2. Evergrande is the Gorilla, but it is not unique nor is it the first. Below is the debt and equity trading of large stressed developers, in chronological order from when their debt began to fall. (these are USD bonds - onshore debt would be better but data is less accessible)
3. The First Domino: China Fortune Land Development ($61bn of liabilities): Defaulted in January - the first major default of this tightening cycle. Ping An - largest insurer in China - reported a $5.5bn loss relating to China Fortune in its 1H21 results.

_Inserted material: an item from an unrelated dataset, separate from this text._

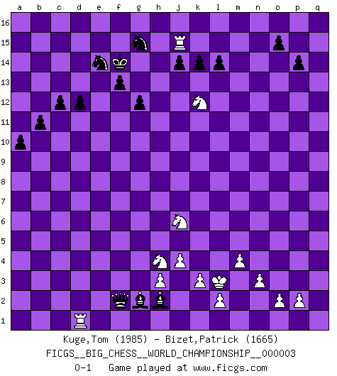 Last move : 0-1 2013 May 21 23:7:6 [Event "FICGS__BIG_CHESS__WORLD_CHAMPIONSHIP__000003"] [Site "FICGS"] [Date "2012.12.26"] [Round "1"] [White "Kuge,Tom"] [Black "Bizet,Patrick"] [Result "0-1"] [WhiteElo "1985"] [BlackElo "1665"] 1.j2-k4 j15-h13 2.m2-m4 g15-g13 3.e2-e4 m15-m13 4.f1-c4 f15-f13 5.d2-d3 h16-f14 6.l1-o4 e15-e13 7.n2-n3 p15-p14 8.h2-g4 o16-p15 9.b1-c3 b15-b14 10.o1-g8 c16-b15 11.p1-o3 l16-o13 12.g8-m13 n15-n14 13.m13-p10 h15-j13 14.c1-k8 h13-f12 15.m1-m3 f16-b12 16.m3-l3 k16-l14 17.h1-l4 c15-c13 18.c4-g8 d15-d13 19.g8-f9 g16-j15 20.g1-f3 b16-c14 21.e4-e5 c14-d12 22.q2-q4 j16-h15 23.q4-q5 p16-n15 24.k1-h2 n15-m13 25.q5-q6 m13-k12 26.e5-e6 d12-e14 27.q6-q7 d13-d12 28.j1-j2 p15-g7 29.f3-h4 f14-g14 30.p10-l6 b15-l6 31.l4-l6 e16-e15 32.h4-j6 g7-d10 33.l3-l5 g14-o7 34.k2-k3 o7-b7 35.k8-j9 q16-n16 36.l5-b5 b7-p7 37.e6-e7 m16-m15 38.e7-e8 d10-e9 39.h2-j4 n14-n13 40.o4-q6 p7-p11 41.j4-h6 e9-h6 42.g4-h6 b12-h6 43.b5-h5 h6-b12 44.e8-e9 p11-f2 45.f9-c6 f2-b6 46.c6-b5 a16-m16 47.j9-g11 j15-g14 48.l6-h9 o13-n14 49.h9-h14 h15-g16 50.h14-h7 m15-m7 51.h7-j8 m7-q7 52.q6-k12 q7-q1 53.e1-q1 l14-k12 54.b5-n16 m16-n16 55.g11-j13 g14-j13 56.j8-j13 b6-b2 57.j13-k12 b2-c3 58.k12-k9 g13-g12 59.k9-l9 e15-f15 60.a1-c1 l15-l14 61.q1-q15 n13-n12 62.q15-q8 n16-h16 63.h5-h16 g16-h16 64.q8-h8 f12-h13 65.l9-j9 c3-d2 66.j9-e13 e14-g15 67.c1-g1 d2-c2 68.e13-d13 f15-e15 69.d13-d16 e15-e16 70.d16-k10 h16-j15 71.k10-m12 k15-k14 72.m12-n12 n14-m13 73.n12-n15 j15-h14 74.n15-n9 h14-g14 75.o3-n5 c2-d3 76.g1-e1 d3-d2 77.n9-g3 e16-e11 78.e1-q1 b12-e9 79.n5-l6 e11-g11 80.g3-g11 e9-g11 81.j6-h4 d2-a2 82.q1-q8 g11-c7 83.q8-q1 g15-e14 84.k4-j6 m13-d5 85.j2-k2 a15-a13 86.k2-l3 a13-a12 87.h8-o8 a12-a11 88.o8-o7 c7-h2 89.j3-j4 b14-b13 90.o7-m7 b13-b12 91.m7-m15 a11-a10 92.l6-k8 c13-c12 93.k8-l10 b12-b11 94.q1-e1 h13-g15 95.l10-k12 g14-f14 96.m15-j15 a2-f2 97.e1-d1 d5-g2 0-1 Follow this game move after move (download)We cannot resist the fascination of sacrifice, since a passion for sacrifices is part of a Chessplayer's nature. (Rudolf Spielman) Wer nie einen Fehler gemacht hat, hat nie etwas Neues ausprobiert. (Albert Einstein) La caracteristica mas importante en la posición del Ajedrez es la actividad de las piezas. Esto es absolutamente fundamental en todas las fases del juego: Apertura, Juego Medio y especialmente Finales. La limitación primordial en la actividad de una pieza, es la estructuración de los Peones. (Michael Stean) Il n'y a pas de prix trop élevé au scalp de l'ennemi. (Koblentz) Art is the triumph over chaos. (John Cheever)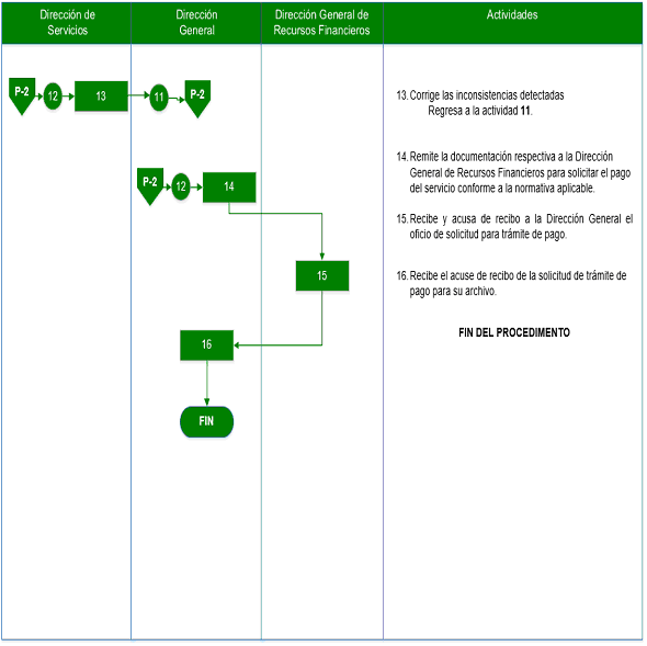 | Dirección de Servicios | 31. Elabora el oficio de solicitud para trámite de pago y requisita el formato correspondiente. | Oficio y formato de solicitud de pago |

4. China South City Holdings ($10bn of liabilities): Bonds trading at 100 as of Jan21 but has consistently traded down since February with a big step down in the past two weeks. Current price: 69. Current yield: 42%.
5. Yuzhou ($21bn of liabilities): Massive debt selloff in late March. Since then, its debt has remained surprisingly sturdy although its equity continues to fall.
6. Sichuan Languang ($31bn of liabilities): Initial weakness showed up in February but legged down in April before settling at just 25c on the dollar in July. Pricing now solely on recovery.
7. Evergrande ($304bn of liabilities): The Gorilla. You know the story. After surviving a big scare in Sept 2020, its debt stabilized for 9 months, until it began to sink in June. Three months later the most indebted developer in the world is functionally insolvent.
8. Central China Real Estate ($23bn of liabilities):
2024 USD bond prices:
January: 100
July: 87
Sept: 68
9. RiseSun ($36bn of liabilities):
Issued a new USD bonds on January 11th at 100.
Price on July 5: 87.
Price on Sept 6: 59.
*swings in the debt since June show what illiquidity looks like*
10: Sunshine City ($7bn of liabilities):
Smaller fish, same story. Selloff has accelerated in the past 6 weeks. Clearly illiquid but the trend is one-way.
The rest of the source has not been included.